You’d think that this would act as an entertaining premise, but sadly it just ends up being a rather run of the mill plot line mired down by the increasing labyrinth that is a Dan Brown mystery. We’re put right into the heart of the action, with cryptologist Professor Robert Langdon (Tom Hanks) waking up in an Italian hospital without any sort of memory. Supposedly he’s suffered a head trauma and can’t seem to remember anything for the last 48 hours. When an assassin strikes at the hospital, Langdon is force to go on the run with only the aid of the well-meaning (and also extremely well versed in Dante’s inferno mythology) Italian doctor, Sienna, who had been taking care of him in his coma (played by a gorgeous Felicity Jones). On his trail is a cadre of people, who want whatever is locked inside the professor’s head, the least of them being the afore mentioned assassin. W.H.O. agents and double agents compete for his head, while a mysterious organization is also rabidly interested in what the good professor knows.

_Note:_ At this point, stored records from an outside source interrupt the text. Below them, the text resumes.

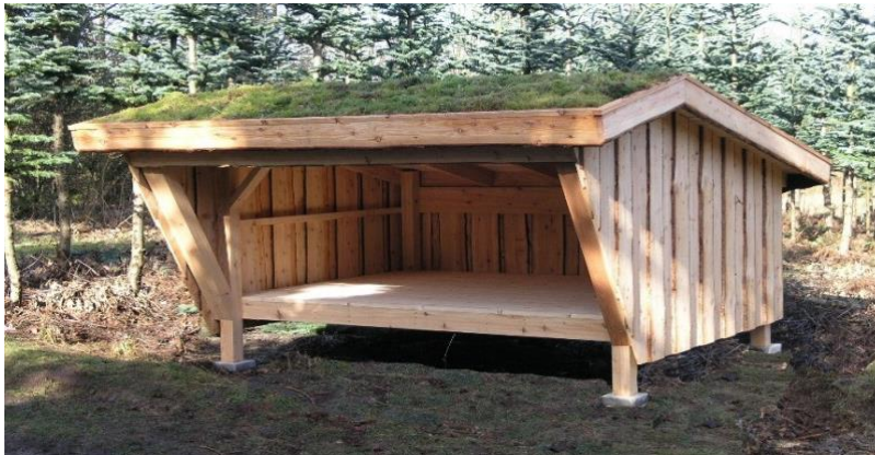
Shelter med græstag

Her er shelteren for dig der kan og vil selv, og samtidig vil opnå tilfredsstillelsen ved eget veludført arbejde.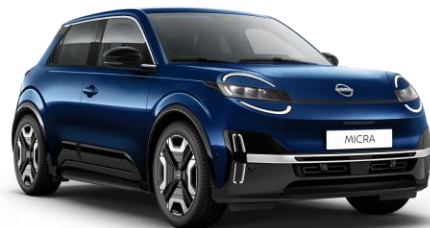
Tengeréskék RRE – 160 000 Ft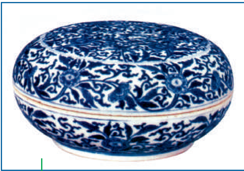
康熙青花蝶紋印泥盒

今天, 隨著我國經濟的飛速發展, 許多人已不滿足於一般收藏, 對高檔藝術品的需求日益殷切, 而高檔藝術品中宮廷藝術品往往成為人們首選品種。對藏家來說, 能覓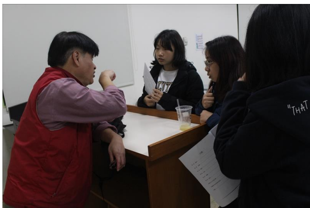
學生課後詢問老師問題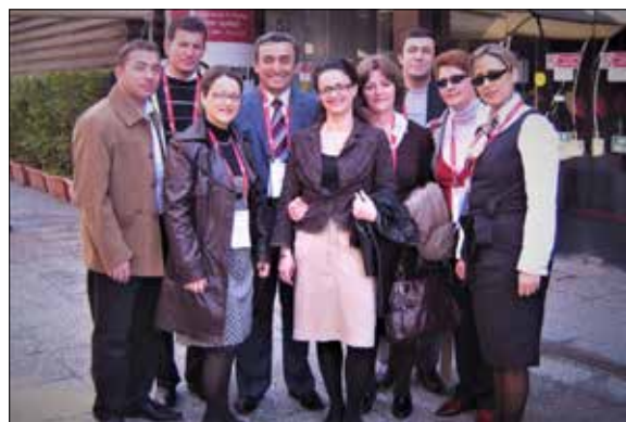
Në një veprimtari ndërkombëtare, në Firenze- Itali, 3 prill 2009

Krahas përgatitjes për arritjen e një niveli të lartë profesional dhe për perfeksionim të mësimdhënies, u mor edhe me studime shkencore, duke qëndruar vazhdimisht në kontakt me të rejtat e literaturës së fushës së psikiatrisë. Rezultat i rëndë-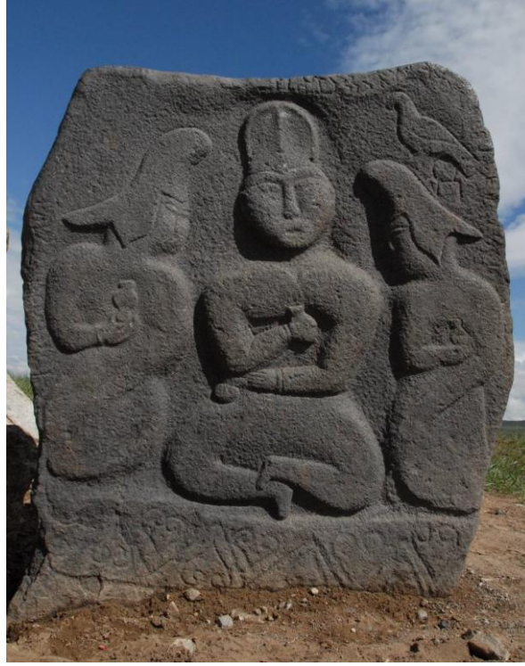
Foto 3: Sağ üst tarafında dağ keçisi / teke ile birlikte tasvir edilmiş kuş tasvirini barındıran Køl Tudun İnsi Altun Tamgan Tarkan Yazıtı'nın genel görüntüsü (Alyılmaz, 2016, s. 539)

Türk mitolojisinde göğün beşinci katında türeyen çift başlı kartal olduğuna inanılan bu kartal, göklerin büyük ve güçlü bir bekçisidir (Ögel, 1993, s. 109).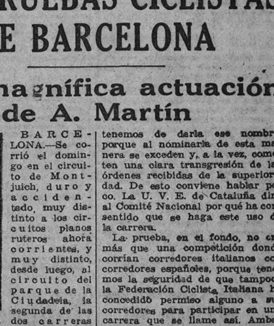
que, a base de preparar los pro-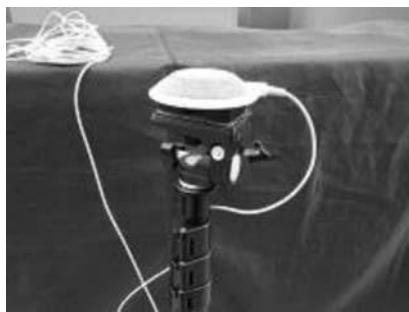
付属のマイクの細いコード 断線しないように神経を使った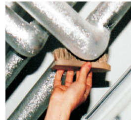
Strukturieren der Oberfläche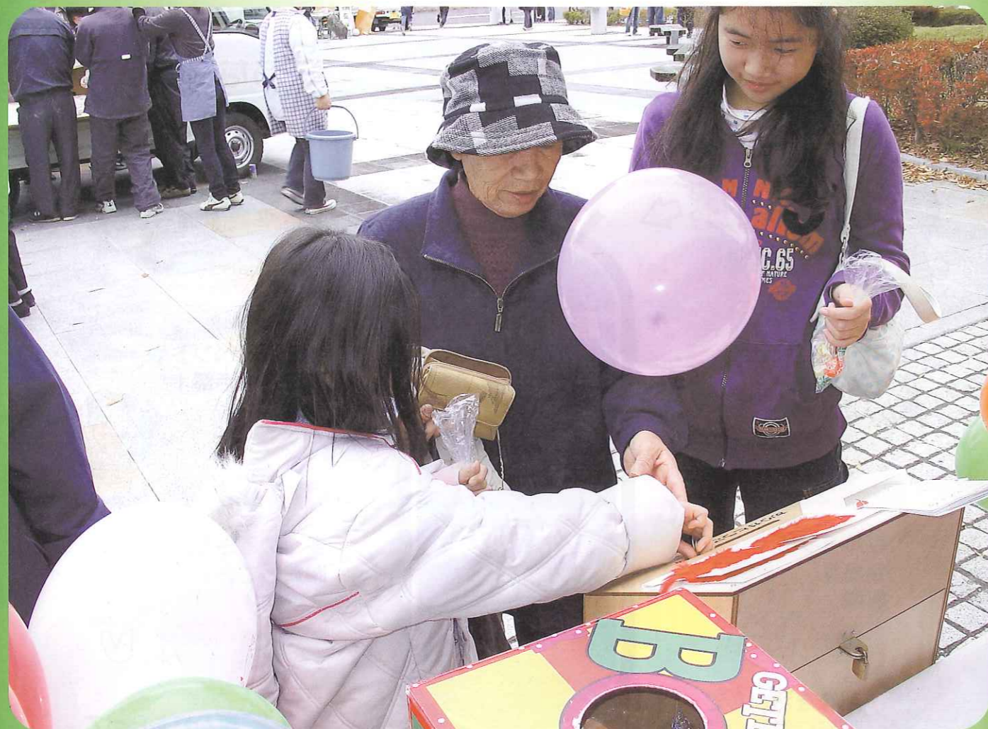
街頭募金のようす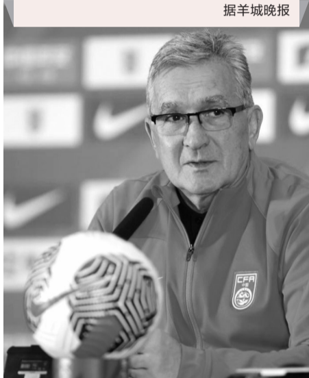
伊万科维奇在媒体见面会上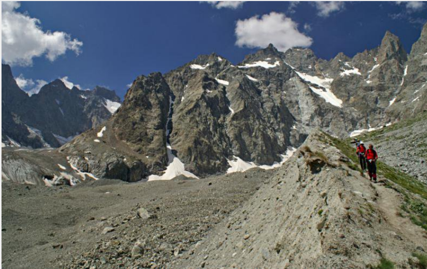
(Le tour de l'Ailefroide et du Pelvoux)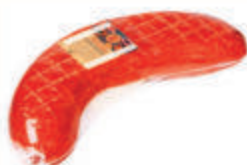
СЕРВЕЛАТ "ЛИТОВСКИЙ" В/К БАРАНЬЯ СИНЮГА ТД "ИНЕЙ", 1 КГ Продажа только на Косыгина, 21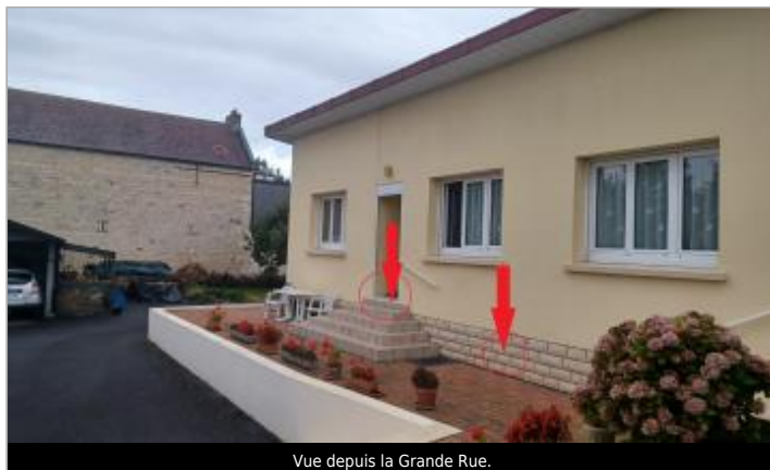
Vue depuis la Grande Rue.

Coordonnées WGS84 : X: -0.38999454 / Y: 49.15558370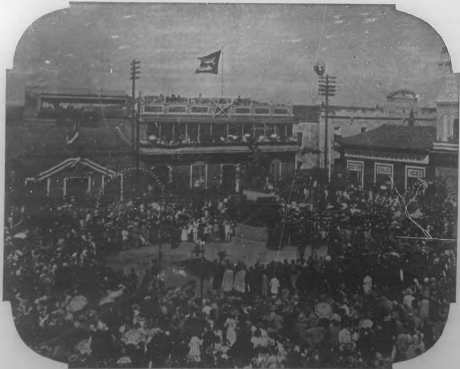
CAMAGUEY.—Inauguración de la estatua ecuestre del Mayor General Ignacio Agramonte, en los momentos de pronunciar el doctor Alfredo Zayas su grandioso discurso.

En la imposibilidad de dar una información completa de la gloriosa excursión, ofrecemos unas fotografías hechas en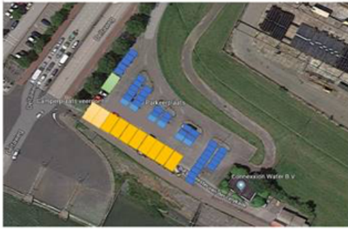
Parkeerterrein bij de Veerstoep: geel zijn de camperplaatsen en blauw de reguliere parkeerplaatsen waar het parkeerverbod geldt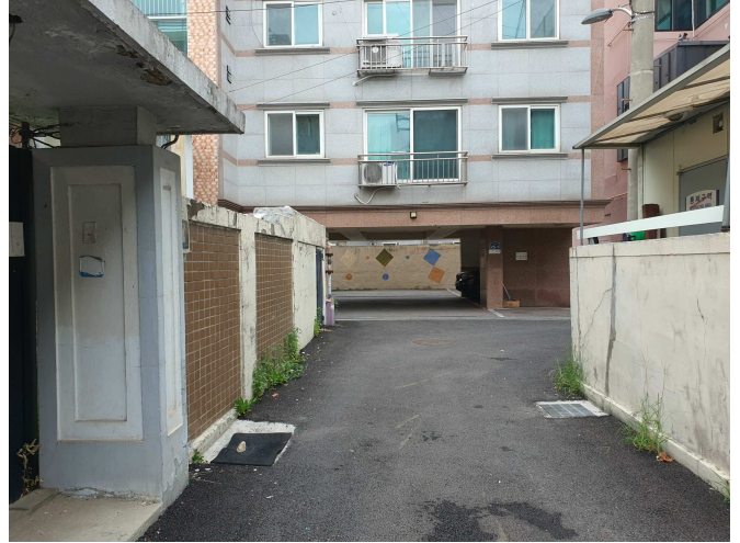
주 위 환 경

It seems that a wealthy billionaire has decided that the world is just TOO populated. Soon we’ll be at the breaking point and the overpopulation will drive us extinct. Not exactly an unknown theory, right? Well, this billionaire (played by a wonderfully hammy Ben Foster) has created a super virus that, much like the black plague, will wipe out large portions of the world’s population and slow the coming apocalypse for thousands of years. So, that leaves Professor Langdon and Sienna struggling to piece together just what has happened to the good doctor, and WHERE the virus is before it can be unleashed on the world (and supposedly reach all 4 corners within a few days). Simple, right?

[img]http://www.hometheatershack.com/gallery/file.php?n=88874[/img]I’m intentionally keeping my description of the plot for “Inferno” rather vague and generalized. The reason for that is because much of the entertainment for the movie is based upon figuring things out and watching them unfold. With the introduction of Robert Langdon’s insomnia, we have to piece things together slowly, and nothing that we see can be trusted as people, events and places are deemed misleading due to the professor’s faulty memory. It’s kind of like watching the old “untrustworthy witness” scenario as whatever is spoken (or in this case shown) can’t be trusted due to faulty memory. While you won’t be angry while watching “Inferno”, you will be a bit annoyed. Not because it paints any one religions in a bad light (actually, the only mention of religions is the Dante’s Inferno references, and that’s only because our looney bin billionaire fashioned his virus after reading the book and calling it the “inferno virus”), but rather because it’s so confusing and twisted in the way the movie tells its story. The twists, turns and leaps in logics are less likely to incite awe inspiring gasps (not the series strong point), but rather eye rolling and chuckles at some of the serious stretches used to get to the inevitable conclusion.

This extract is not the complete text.